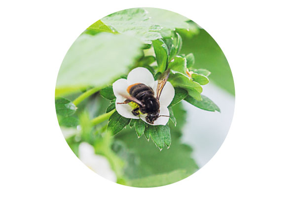 受粉の役割を担う、穏やかな性格の国産のクロマルハナバチ。ハウス内を元気に飛び回り、約1週間で受粉を行います
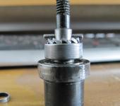 мне пришлось избавиться от конической шайбы так как иначе я не мог поставить пин для хекса и что бы мне хексом не пережать подшипник к кулаку была поставлена тоненькая, самоконтрящаяся, сточенная шайба, так же были сточены проставки между подшами что бы их не выдавливало.
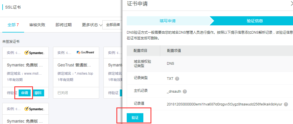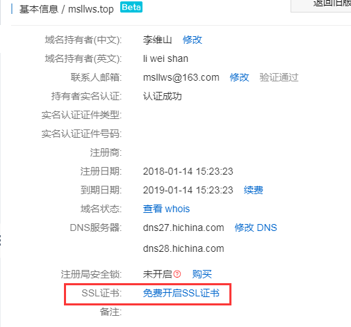 首先申请SSL证书,以阿里云为例,找到域名管理:
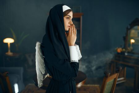 Religious concept, person prays to god, nun, faith bible, church. member of religious community of laurel monastery, penance.
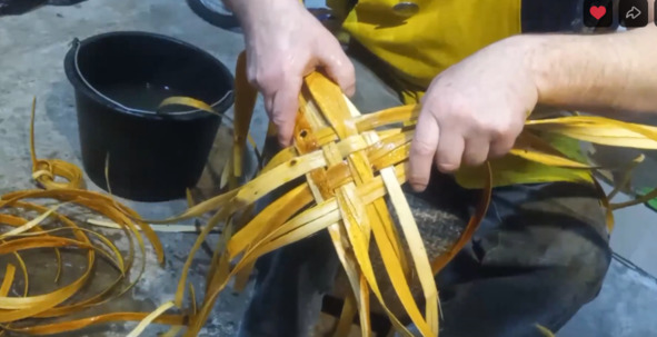 размочили бересту в горячей воде, чтобы она была пластична и продолжаем заплетать все наши, все наши кавычки по своей строке.
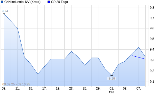 Mit dem Anstieg auf 9,27 EUR hat die CNH Industrial-Aktie am 08.10.2025 die 20-Tage-Linie nach oben gekreuzt.
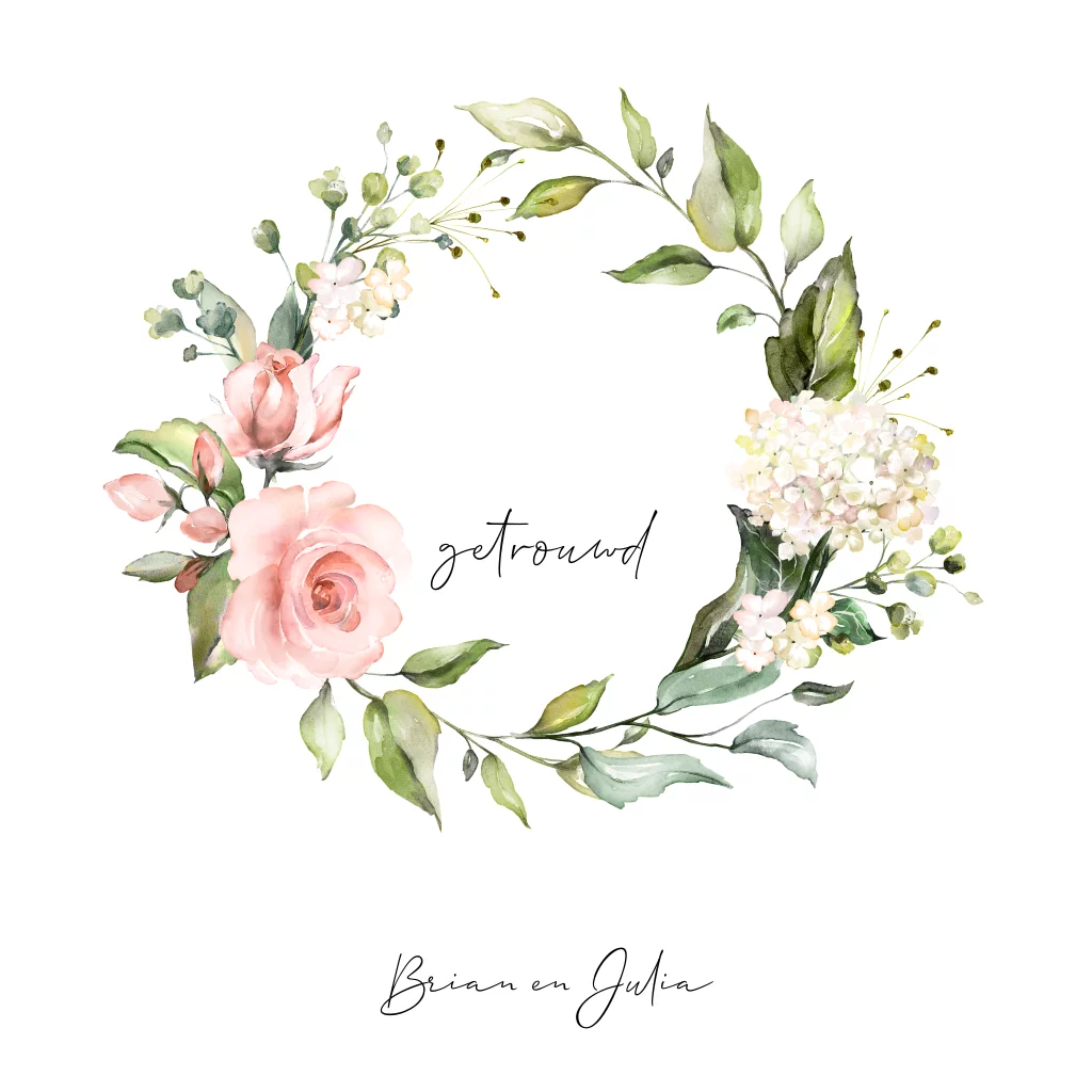 Felicitatie pas getrouwd huwelijk met bloemenkrans en goudfolie.

------------------------------------

■ INSTRUCTIONS FOR THE TASK: Set each line of the records down again exactly as it reads. Omit the pictures.

■ EXERCISE OUTPUT:
 受粉の役割を担う、穏やかな性格の国産のクロマルハナバチ。ハウス内を元気に飛び回り、約1週間で受粉を行います
 мне пришлось избавиться от конической шайбы так как иначе я не мог поставить пин для хекса и что бы мне хексом не пережать подшипник к кулаку была поставлена тоненькая, самоконтрящаяся, сточенная шайба, так же были сточены проставки между подшами что бы их не выдавливало.
 首先申请SSL证书,以阿里云为例,找到域名管理:
 Religious concept, person prays to god, nun, faith bible, church. member of religious community of laurel monastery, penance.
 размочили бересту в горячей воде, чтобы она была пластична и продолжаем заплетать все наши, все наши кавычки по своей строке.
 Mit dem Anstieg auf 9,27 EUR hat die CNH Industrial-Aktie am 08.10.2025 die 20-Tage-Linie nach oben gekreuzt.
 Felicitatie pas getrouwd huwelijk met bloemenkrans en goudfolie.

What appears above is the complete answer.